Updated: Jan 17
By Katherine FitzGerald
The catchphrase “OK, boomer” started as an Internet trend, but it has quickly become a rallying cry for Generation Z. The phrase showcases an entire generation’s attitude towards the adults who seem to dismiss their concerns and also critiques the ideas of the past generations that have shaped the politics, economy, and environment of today’s world.
The phrase gained popularity on the app TikTok in early November when a man of the Baby Boomer generation posted a video ranting about the Millennials and Generation Z, saying they have “Peter Pan Syndrome,” or the inability to grow up. He claimed the young generation’s “think that the Utopian ideals that they have in their youth are somehow going to translate into adulthood." Thousands of teens and 20-somethings have fired back and the phrase “OK, boomer” has been used as a retaliation against past generations, but in a somewhat of a joking manner. The catchphrase has spread to other social media platforms like Instagram and Twitter.
Millennials have also allied with Gen Z around this phenomenon. The ‘Boomers’ they are referring to aren’t completely from the Baby Boomer generation. They are aiming their message toward the adults that have shaped the society they grew up in- people they consider old. This does include the Baby Boomers, but also Generation X. The Boomers were born between 1944 and 1964 and Gen X between 1965 - 1979.
The catchphrase is appealing because it flips the script on generational relationships. The older generations have been telling young people what to do for years. “Ok, boomer” challenges the idea that just because adults are older, they are always right. Due to the rise of student loan debt and financial instability, plus the increasing threat of climate change, young people do not want to listen to the establishment that has created the problems they will deal with for probably the rest of their lives.
However, some believe that “OK, boomer” is ageist and slightly disrespectful towards the older generations. It also seen as another dumb Internet meme that will eventually pass. But, at its root is signifies much more than just an Internet trend. “OK, boomer” is not intended to stereotype the boomers, but to get them to focus on issues the younger generations find important.
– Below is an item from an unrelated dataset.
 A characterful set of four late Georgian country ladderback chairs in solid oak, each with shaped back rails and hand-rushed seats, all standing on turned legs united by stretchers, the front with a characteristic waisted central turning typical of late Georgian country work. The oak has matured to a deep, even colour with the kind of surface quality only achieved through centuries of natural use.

Phoebe Hall, a sophomore at B-CC, agrees with the message “OK, boomer” sends. She believes the two-word retort “is a way to communicate to [older] generations that society today is much different and more progressive than ever, and they need to respect the aspects that their perhaps close-minded thinking once disapproved of.”
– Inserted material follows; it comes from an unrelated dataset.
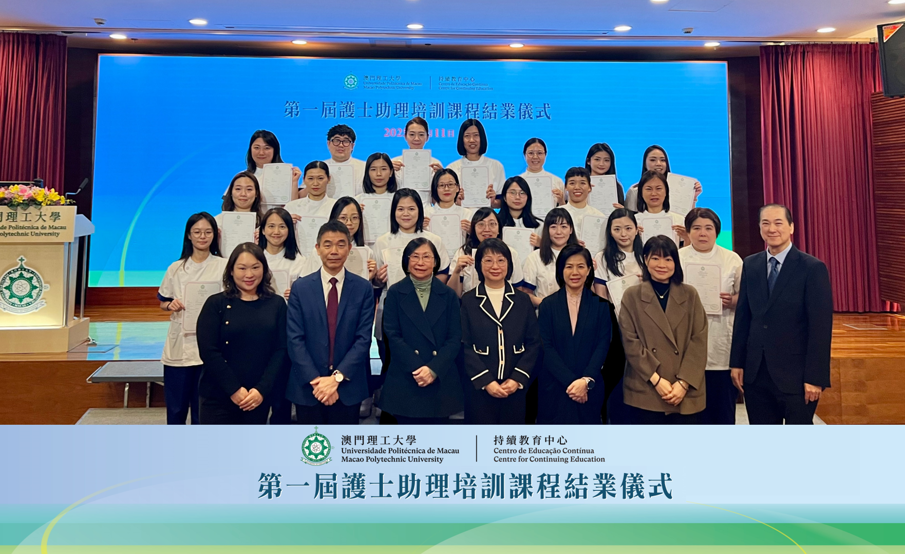 ![]() 26 formandos concluíram a 1.ª Edição do “Curso de Formação para Ajudante de Enfermeiro” do Centro de Educação Contínua da UPMPara continuar a aperfeiçoar os serviços relacionados com a vida da população e satisfazer as necessidades das instituições médicas e dos lares de Macau, o Centro de Educação Contínua da Universidade Politécnica de Macau (CEC-UPM) organizou a primeira edição do “Curso de Formação para Ajudante de Enfermeiro”, proporcionando formação aos indivíduos que pretendem dedicar-se à prestação de cuidados de saúde nas instituições de saúde. Os 26 formandos concluíram, respectivamente, 600 horas lectivas de teoria e prática de enfermagem e, com o apoio da Direcção dos Serviços de Saúde da Região Administrativa Especial de Macau, realizaram 400 horas de estágio clínico no Centro Hospitalar Conde de São Januário, tendo passado na avaliação e recebido o certificado do curso. |

The message “Ok, boomer” is sending is not new. Resentment towards the Baby Boomers has been crystallizing since the mid-2010’s, when they started referring to Millennials became as the “Snowflake Generation.” Boomers view the young adults of today as less resilient and more sensitive than past generations.
“OK, boomer” sums up the frustration that the generations following the Baby Boomers feel. Dr. Hunter Hogewood, an AP U.S. History teacher at B-CC, thinks the catchphrase “is a funny internet trend mostly, but at its root there is an annoyance that my generation [Gen X] felt towards the Boomers. The Boomers were the generation that got everything they wanted. ‘OK, boomer’ is a nice little poke to the older generation that have messed things up previously.”
What is appealing about the phrase is that it says a lot in just two words. Gen Z is fighting the misconceptions older generations have about them, without really fighting at all. The most important thing is that is starts a conversation about the generational divide. It is letting the kids talk, and forcing the adults to listen.